In de rapportage wordt door de onderzoekers verantwoord op welke wijze zij stapsgewijs hun onderzoek hebben verricht. Voordat de onderzoekers de rapportage aanbieden aan de burgemeester, geven zij het raadslid, het raadscommissielid of de wethouder, waar onderzoek naar is verricht, de gelegenheid kennis te nemen van het rapport inclusief de bijlagen. Dit gebeurt door hem of haar uit te nodigen om het rapport te komen inzien. Het toepassen van hoor en wederhoor is een wezenlijk onderdeel van de afronding van het onderzoek. Indien dit raadslid, dit raadscommissielid of deze wethouder op- en aanmerkingen heeft, dienen deze schriftelijk te worden vastgelegd en eventueel als een addendum opgenomen te worden in de definitieve onderzoeksrapportage. De onderzoekers onthouden zich (in het rapport en daarbuiten) van eigen opvattingen inzake (de consequenties van) de beoordeling van de al dan niet aan de orde zijnde integriteitschending. Het is de taak van de gemeenteraad om zich op basis van de onderzoeksgegevens een oordeel te vormen van de feiten.

Communicatie

Communicatie over de voorgang van het onderzoek geschiedt, in overleg met de griffier, onder verantwoordelijkheid van de burgemeester.
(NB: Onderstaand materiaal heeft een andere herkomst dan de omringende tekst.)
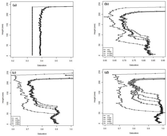 Saturation profiles at different times during the unsaturated tests (a) test 2, (b) test 3, (c) test 5, and (d) test 8.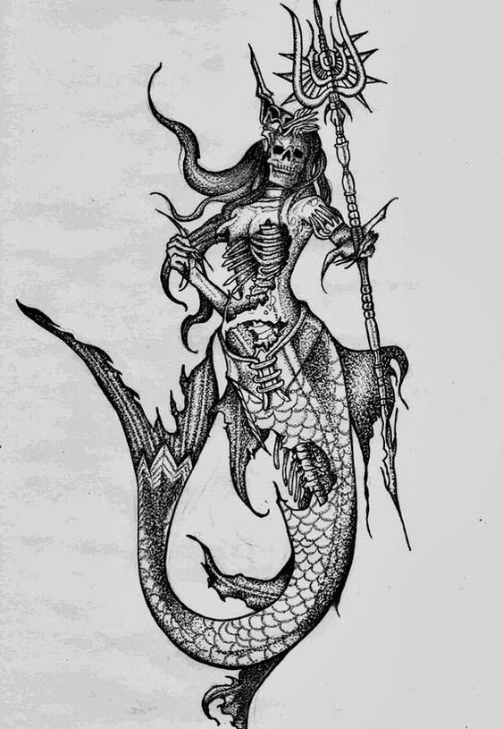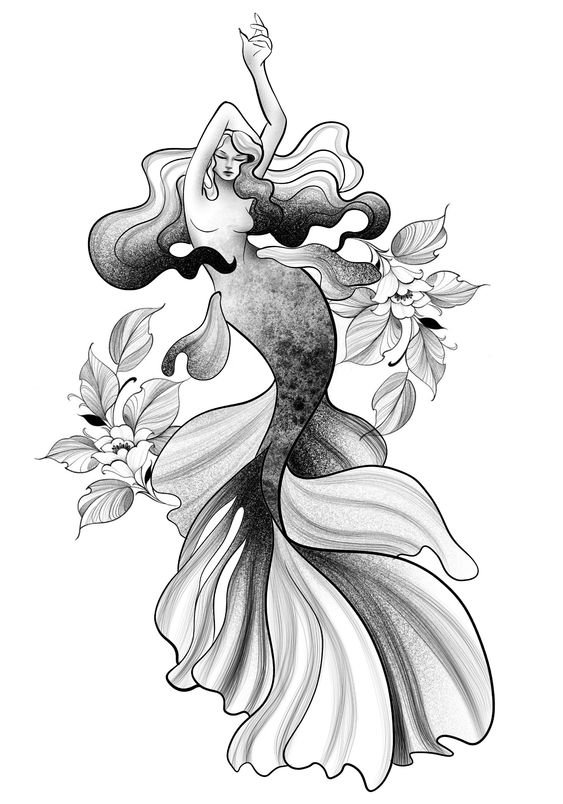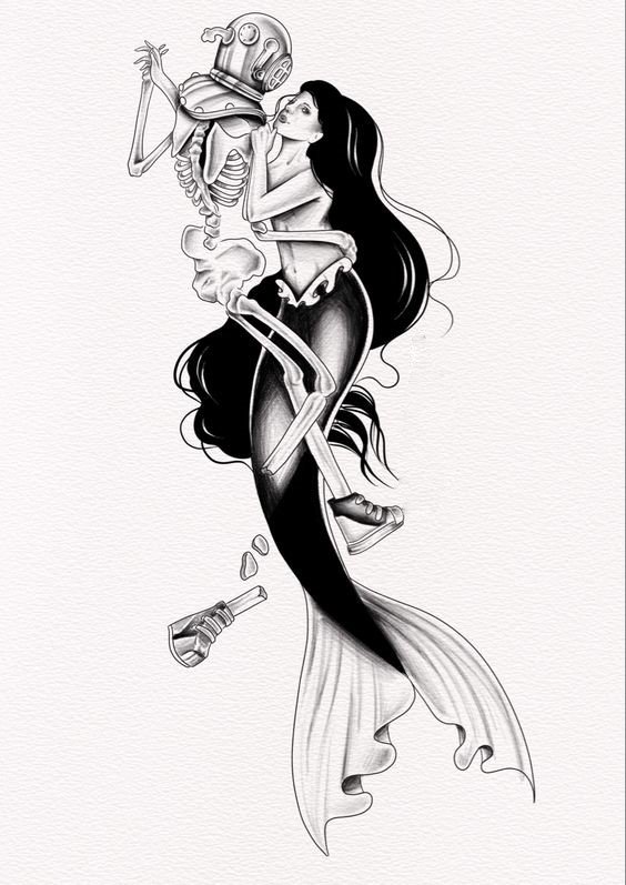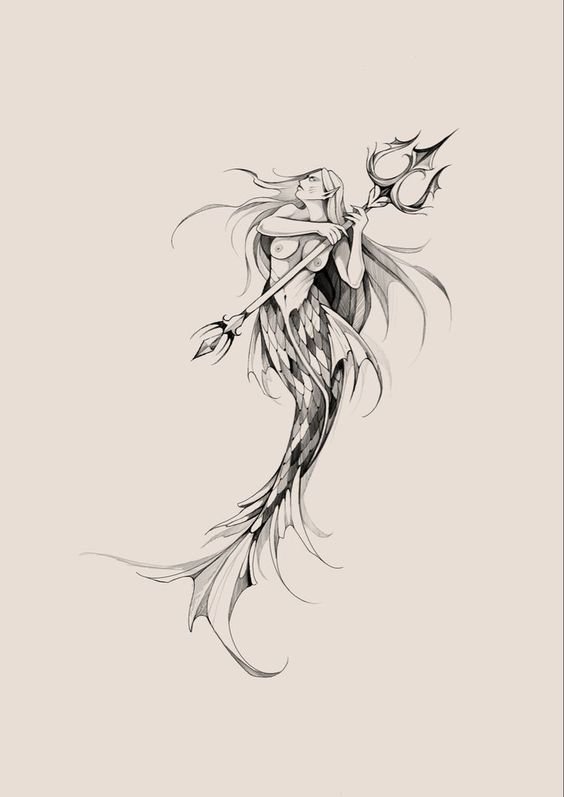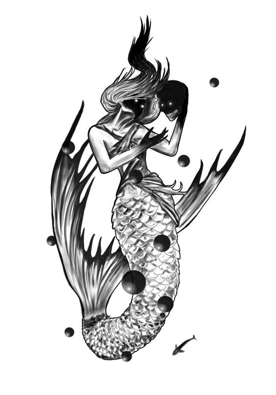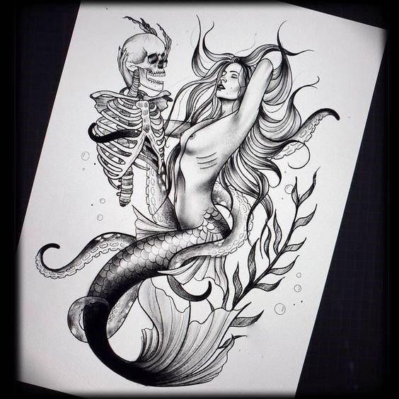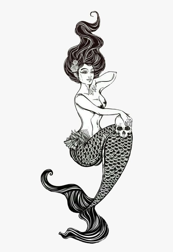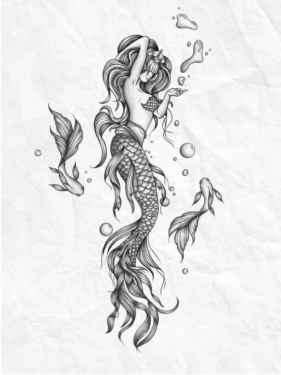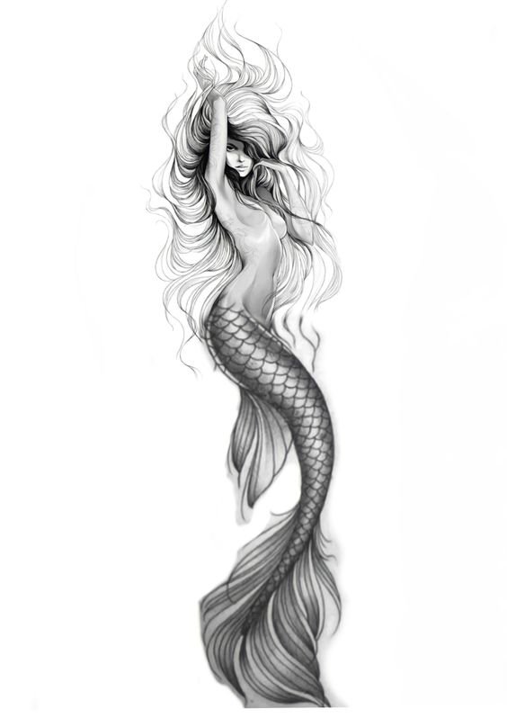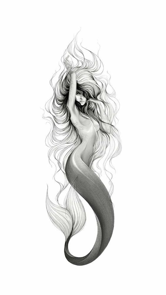 Tattoo Skizze Meerjungfrau trägt weibliche Energie, gefährliche Schönheit, Sexualität, Faszination und Göttlichkeit.

§ 6.3 Afronding uitgebreid feitenonderzoek

Bespreking rapportage in presidium en raadsvergadering

De onderzoekers bieden het eindrapport aan de burgemeester aan.
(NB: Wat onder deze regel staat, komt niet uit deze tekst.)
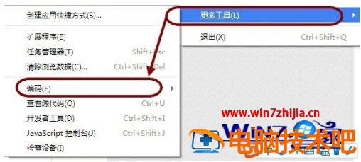 2、这时说明需要调整Chrome中对网页编码识别的设置。点击Chrome浏览器右上角的选项图标按钮。并点击下方的“更多工具”。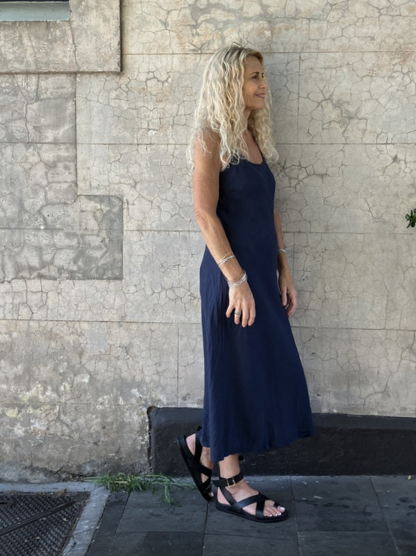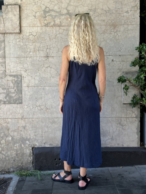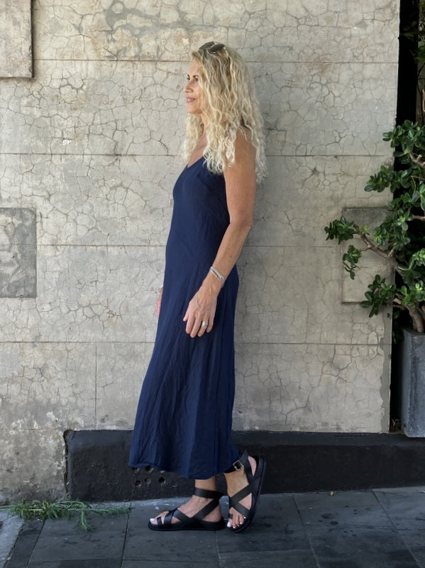 Jiva Antique Wash Linen Shoestring Slip Dress - Navy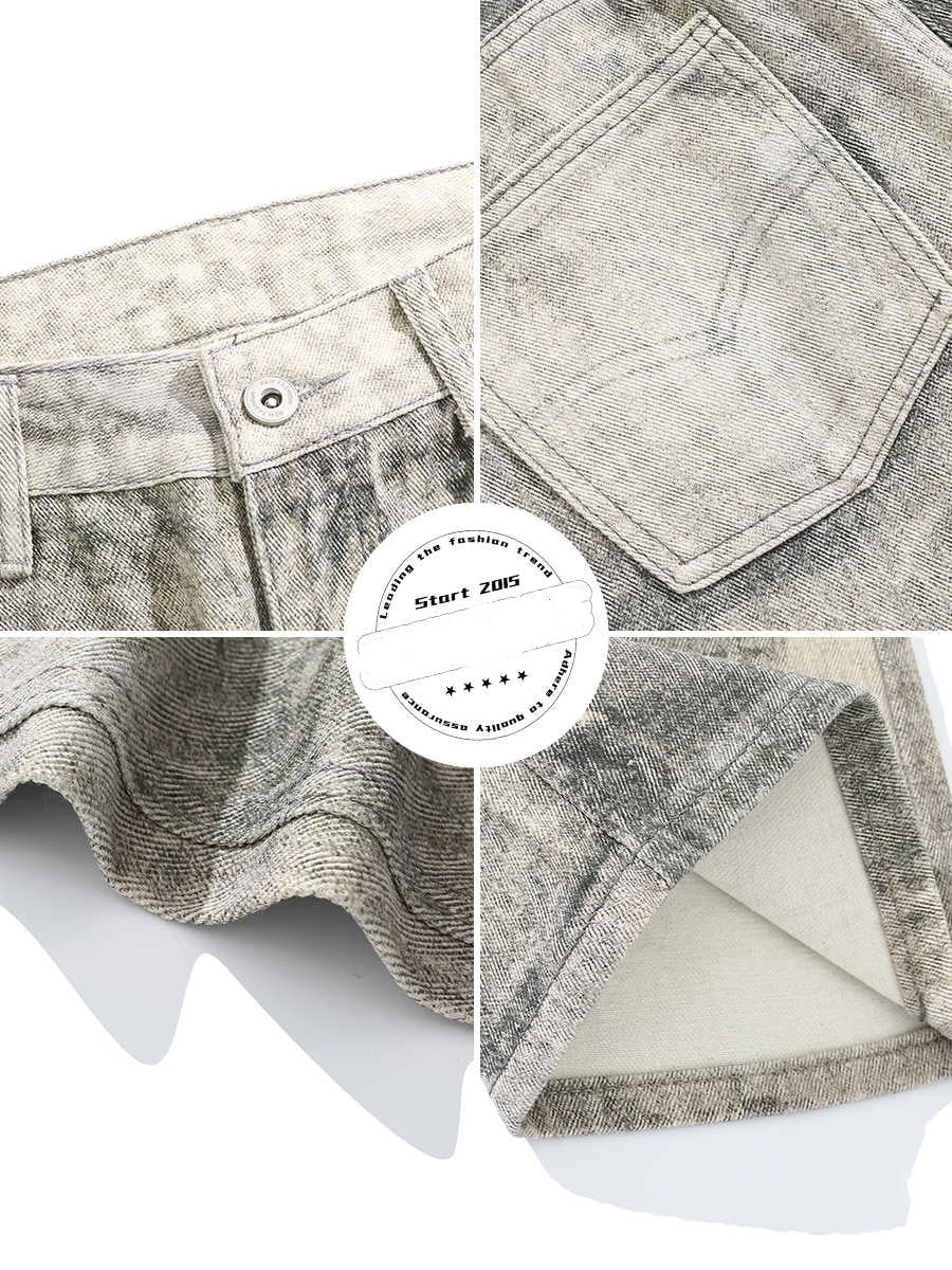 Jeans pelindung-hem ini menampilkan perawatan dasi-pewarna yang aus dengan aksen lubang halus untuk estetika gerombolan. Kecocokan mereka yang santai memastikan kenyamanan, sementara tekstur mentah menambah daya tarik jalanan. Lempar hoodie tanaman dan sepatu bot untuk sejuk instan.

Deze agendeert het ter toelichting en/of kennisname van het door hem/haar naar aanleiding daarvan genomen besluit over de melding, onder oplegging van geheimhouding als bedoeld in artikel 25, tweede lid, van de Gemeentewet, voor een besloten vergadering van het presidium.
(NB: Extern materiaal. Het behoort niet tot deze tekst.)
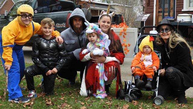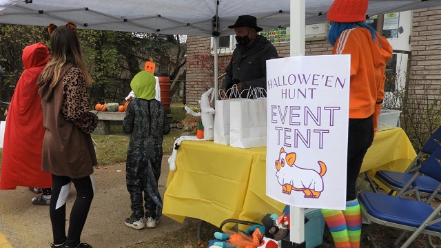 The mild but damp weather on Saturday, Oct.30 provided a comfortable environment for family members of all ages to participate in the Madawaska Valley Public Library’s Hallowe’en Hunt. Twenty-six merchant members of the Barry’s Bay Business Improvement Area (BIA) displayed Hallowe’en Hunt icons in their shop fronts, and many also joined in the fun with scary decorations and treats for the children, while Madawaska Valley Township provided a free hot dog lunch at the Railway Station. The Current followed some earlybird Hunters from Northern Credit Union down Opeongo Line and when we checked in at the Library after just one hour there had already been a steady stream of Hallowe’en Hunters picking up Treasure Maps and handing in completed answer sheets to collect their Treat Bags. Library CEO Karen Filipkowski told The Current that participation had increased substantially since last year, with more than 120 treat bags handed out. Enjoy these images from the fun.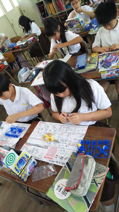 子どもたちは銅線をむいたり、プラグに巻いたり、一生懸命取り組んでいます。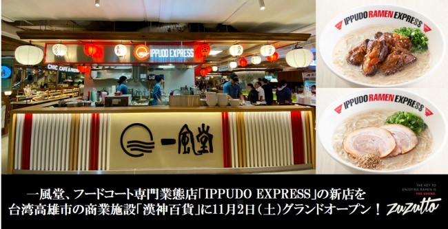株式会社力の源ホールディングス(本社:福岡市中央区、代表取締役社長:河原成美)傘下の台湾一風堂股份有限公司(本社:台湾)は、2019年11月2日(土)、「一風堂」のフードコート専門業態店「IPPUDO EXPRESS」の新店「IPPUDO EXPRESS 台湾 高雄漢神本館店(イップウドウ エクスプレス タイワンカオシュンハンシンホンカン)」をグランドオープンいたしました。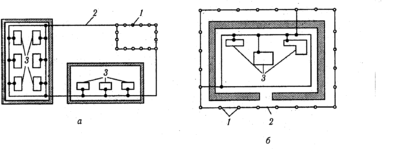 Рис 3.4.7 Выносное (а) и контурное (б) заземления:

Na deze presidiumvergadering geeft de burgemeester, onder oplegging van geheimhouding als bedoeld in artikel 25, tweede lid, van de Gemeentewet, het eindrapport ter inzage aan de raadsleden. Deze inzage geschiedt onder vier ogen bij de griffier.

De burgemeester geeft het eindrapport in kopie ter beschikking aan degene (raadslid of raadscommissielid of wethouder) op wie de onderzochte integriteitmelding betrekking heeft.

Conform een daartoe genomen presidiumbesluit neemt het presidium in de voorlopige agenda van de eerstvolgende raadsvergadering een agendapunt op om het eindrapport + het besluit van de burgemeester over de melding te bespreken. Deze bespreking kan naar behoefte, conform de procedure bedoeld in artikel 23 van de Gemeentewet, achter gesloten deuren worden gehouden.

De griffier maakt, op basis van het door het presidium genomen agenderingsbesluit, een raadsvoorstel waarin op hoofdlijnen het na de melding doorlopen proces wordt weergegeven + waarin de gemeenteraad wordt voorgesteld (op grond van artikel 25, derde lid, van de Gemeentewet) een besluit te nemen over het al dan niet bekrachtigen van de door de burgemeester op het eindrapport aan de gemeenteraad opgelegde geheimhouding + mocht de raad tot niet-bekrachtiging van de geheimhouding besluiten, dat de raad in dat geval tevens (op grond van artikel 25, vierde lid, van de Gemeentewet) besluit om de geheimhouding ook op te heffen ten aanzien van de presidiumleden.

Nazorg door burgemeester

De burgemeester plant na deze raadsvergadering een evaluatiegesprek in met het raadslid, het raadscommissielid of de wethouder, waarnaar onderzoek is verricht.

§ 7. Inwerkingtreding protocol. Citeertitel protocol

Inwerkingtreding protocol.

Dit protocol treedt in werking op de dag na de bekendmaking in het Gemeenteblad.

Citeertitel

Dit protocol wordt aangehaald als ‘Protocol (mogelijke) integriteitschendingen door raadsleden, raadscommissieleden of wethouders gemeente Leudal 2018’.

Vervallen vorig protocol

Het in de raadsvergadering van 13 oktober 2015 vastgestelde ‘Protocol (mogelijke) integriteitschendingen door raadsleden, raadscommissieleden of wethouders gemeente Leudal 2015’ vervalt op het moment van inwerkingtreding van het ‘Protocol (mogelijke) integriteitschendingen door raadsleden, raadscommissieleden of wethouders gemeente Leudal 2018’.

Artikel II

Dat dit besluit in werking treedt daags na publicatie in het Gemeenteblad.

Ondertekening

Aldus besloten in de openbare raadsvergadering van de gemeente Leudal van 13 maart 2018.
DE RAAD VAN DE GEMEENTE LEUDAL,
De griffier, De voorzitter,
Drs. W.A.L.M. Cornelissen. A.H.M. Verhoeven MPM.